- Вера, помнишь, как мама нам говорила: «Доченьки, синие оченьки»? Усадит нас утром за стол, наливает чай со сливками, а потом вдруг глянет и ахнет: «Вера, Тася, да какие же у вас голубые глаза!… Доченьки, синие оченьки!» - Тася обращалась к сестре, будто хотела с ее помощью облегчить пугающее, предстоящее ей свидание, и Коробейников в зеркало видел, какое у нее напряженное, боящееся лицо.
- Она тебя больше любила. Считала тебя красавицей, - отзывалась тетя Вера, спокойная и задумчивая, не помогая сестре в ее переживаниях,
- Помню, как она подарила мне плетеную корзиночку и в ней игрушечный детский сервиз. Чашечки, чайник, кофейник, чудесные фарфоровые тарелочки. Мы с тобой любили играть в «именитых гостей». Ты случайно разбила кофейник, и мне так было жалко.
- Последний раз видела эту корзиночку с остатками сервиза, когда приходили меня арестовывать. При обыске перевернули весь дом и откуда-то, с антресолей, достали этот сервиз. Больше его не видала.
- Все эти годы, каждый вечер, я молилась за вас.
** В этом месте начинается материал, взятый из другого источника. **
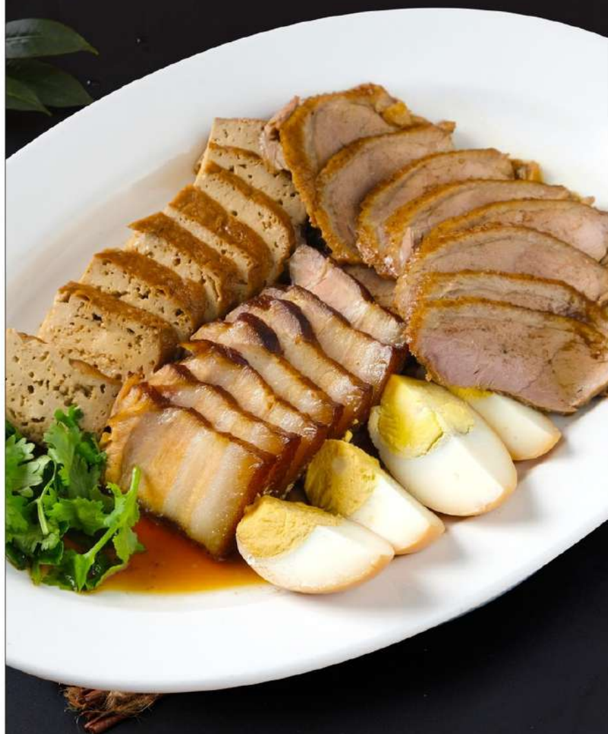
图片仅供参考, 出品以实物为准。 The pictures are for reference only, it subject to the actual product

"卤"的这种烹调方法历史悠久,北魏农食典籍《齐民要术》与宋代食典都有"卤"的烹调方法记载,但目前在我国八大菜系中使用并不普遍,除了"潮菜",潮汕卤味的制作,可以说源远流长,制作讲究。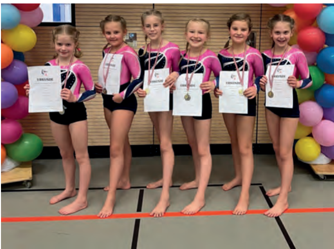
10. Platz für die jüngsten (Jg. 2017/18)

Начинала молитву с мамы. Просила у Господа продлить ей годы и всегда боялась, что молитва моя напрасна, что ее нет в живых.
- Мама рассказывала, что в Ленинграде, во время блокады, когда она умирала от истощения, в голодном бреду ей привиделась ты, подносящая буханку хлеба.
- Вот видишь, - оживилась Тася, - может, это и был хлеб духовный, моя молитва. Она и спасла ей жизнь.
- Не знаю, - сухо ответила Вера. - Жизнь маме и многим другим ленинградцам спасла Красная Армия, которая прорвала блокаду и разгромила немцев.
И они замолкали, в отчуждении друг к другу, не умея объединиться в своих чувствах к покойной матери.
Ваганьковское кладбище - огромное, из ветвей и сучьев, воронье гнездо. Медленные трамваи вдоль изгороди, у которой торгуют бумажными, ярко-химическими цветами. Окруженная голыми деревьями грязно-желтая церковь. Мокрые дорожки, уходящие в железные заросли могильных оград. Вороны в низком ветреном небе, из которого с короткими всхлипами брызгает дождь. Могилы, тесные и колючие, будто смели их граблями в неопрятные рыхлые ворохи, из которых торчат кресты, мраморные и бетонные плиты, пирамидки со звездами, смотрят выведенные на камне лица, остановившиеся, изумленные, как беззвучный крик. Имена, под каждым из которых два четырехзначных числа, разделенных аккуратной черточкой. Купцы, мещане, статский советник, какой-то попечитель гимназий под мраморным черным крестом, с поминальной строчкой псалма. Московские обыватели, советские служащие, офицеры и герои войны под бетоном, гранитом, с трогательными словами прощания, с букетиком в пол-литровой стеклянной банке. Ограда из нержавеющей стали - последний приют конструктора самолетов. Ступенчатый красный гранит, напоминающий мавзолей, с печальным еврейским лицом - почивший директор гастронома. Кладбище казалось огромным вольером, куда были пойманы черные, с изогнутыми вершинами деревья, у подножья которых тускло серебрился металл, пестрели ядовито-бумажные, проволочные веночки, лежала неубранная сырая листва, двигались редкие молчаливые люди. Были готовы остановиться, вытянуться вверх, в дождливое небо, превратиться в черные деревья, в бетонные пирамидки, и жестяные красные звезды, и четырехзначные числа, между которых, по тоненькой жердочке проскользнула человеческая жизнь.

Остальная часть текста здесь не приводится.